Так оно и было. Князь Ириней размышлял о богатстве принца, о его родстве с могущественными государями и пришел к заключению, что принц Гектор всенепременно еще променяет шпагу на скипетр, и у него явилась мысль, что брачный союз принца с принцессой Гедвигой мог бы иметь весьма благие последствия. Камергер, которого князь тотчас же отправил к принцу для выражения глубокого соболезнования по случаю кончины его отца, соблюдая строжайшую тайну, положил в карман миниатюрный портрет принцессы, верно передававший даже оттенок ее кожи. Здесь надобно заметить, что принцессу действительно можно было бы назвать писаной красавицей, когда бы цвет ее кожи не так отливал желтизной. Поэтому она очень выигрывала при свечах. Камергер весьма ловко выполнил тайное поручение князя, который никому, даже княгине, ни словом не обмолвился о своем прожекте. Увидев портрет, принц пришел почти в такой же экстаз, как его сиятельный коллега в «Волшебной флейте». Подобно Тамино{105}, он мог бы, если не пропеть, то воскликнуть: «Волшебный образ твой!» — а затем: «Неужели я влюблен? Да, да, я, кажется, влюблен!» Обыкновенно не одна только любовь заставляет принцев стремиться к прекраснейшей, но принц Гектор, кажется, не думал ни о каких сторонних обстоятельствах, когда присел к столу и написал князю Иринею, что был бы счастлив, если бы ему милостиво позволили домогаться руки и сердца принцессы Гедвиги. Князь Ириней ответил, что, поелику он с радостью дает согласие на брак, которого желает от всего сердца, хотя бы из почтения к памяти сиятельного друга, никакого дальнейшего сватовства, в сущности, не требуется. Но, ради соблюдения необходимой формы, да соблаговолит принц прислать в Зигхартсвейлер какого-нибудь благовоспитанного мужчину достойного звания и заодно уполномочит его, по прекрасному старинному обычаю, заключить, вместо себя, брачный союз, дабы сам принц мог при полном параде взойти прямо на супружеское ложе. На что принц отвечал: «Нет, мой князь, я буду сам!»
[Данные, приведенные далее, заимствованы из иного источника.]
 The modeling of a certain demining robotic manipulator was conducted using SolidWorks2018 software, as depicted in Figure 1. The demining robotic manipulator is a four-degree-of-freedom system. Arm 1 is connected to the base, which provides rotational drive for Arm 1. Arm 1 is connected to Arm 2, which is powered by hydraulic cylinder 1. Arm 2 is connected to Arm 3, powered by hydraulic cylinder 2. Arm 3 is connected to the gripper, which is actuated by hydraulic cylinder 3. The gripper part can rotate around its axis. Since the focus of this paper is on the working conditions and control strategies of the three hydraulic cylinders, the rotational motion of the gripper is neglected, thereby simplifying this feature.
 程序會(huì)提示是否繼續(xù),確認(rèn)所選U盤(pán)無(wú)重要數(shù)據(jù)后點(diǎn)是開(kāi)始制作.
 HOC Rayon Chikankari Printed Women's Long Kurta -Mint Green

Князю это пришлось не слишком по душе, он почитал венчание с доверенным лицом красивее, благороднее, величественнее и уже втихомолку предвкушал это торжество; его утешило лишь то, что перед бракосочетанием можно устроить пышный дворцовый праздник. Он намеревался торжественнейшим образом повесить принцу на грудь большой крест княжеского ордена, учрежденного отцом князя Иринея; ни один кавалер уже не носил, не имел права носить этот орден.
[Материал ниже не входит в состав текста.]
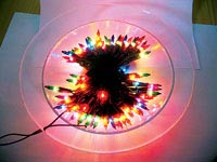 由兩個透明的玻璃盤和彩燈組成,兩個盤子不會閉合起來,既方便擺各種造型,又利于散熱。
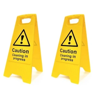 Cleaning In Progress Caution Floor Sign, Pack of 2 Heavy Duty A Boards, Double Sided Message, Lightweight & Easily Transportable

Итак, принц Гектор прибыл в Зигхартсвейлер, дабы увезти в свой дом принцессу Гедвигу, а кстати и получить большой крест давно забытого ордена. Он выразил желание, чтобы князь сохранил свой план в тайне, а главное, не сообщал ничего Гедвиге, ибо он должен, прежде чем просить руки принцессы, удостовериться в ее любви.
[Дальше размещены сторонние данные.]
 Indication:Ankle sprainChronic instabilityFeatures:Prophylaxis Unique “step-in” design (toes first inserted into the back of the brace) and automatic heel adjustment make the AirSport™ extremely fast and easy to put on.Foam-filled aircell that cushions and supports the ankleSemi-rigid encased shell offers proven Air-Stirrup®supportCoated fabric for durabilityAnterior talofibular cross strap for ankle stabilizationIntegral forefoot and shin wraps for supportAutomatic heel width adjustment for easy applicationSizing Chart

Князь не совсем понимал, что принц имел в виду, и высказал мысль, что, насколько ему не изменяет память, такая церемония, а именно — объяснение в любви перед бракосочетанием, никогда не была принята в княжеских домах. Однако если принц понимает под этим выражение некоторой attachement[83], то такие чувства предпочтительней во время жениховства не обнаруживать, но, поскольку легкомысленная молодежь всегда склонна насмешничать над велениями этикета, подобную attachement следует выказать как можно позднее, хотя бы, скажем, за три минуты до обмена кольцами. Сколь прекрасно и возвышенно было бы, если бы вступающая в брак светлейшая чета в тот миг выказала друг другу некоторое отвращение, но, к несчастью, в нынешние времена на подобные правила высшей благопристойности смотрят как на нелепый вздор.

Когда принц впервые увидел принцессу Гедвигу, он шепнул своему адъютанту на непонятном для других неаполитанском наречии: «Клянусь всеми святыми! Она — красавица, но рождена близ Везувия, и его огонь сверкает в ее очах».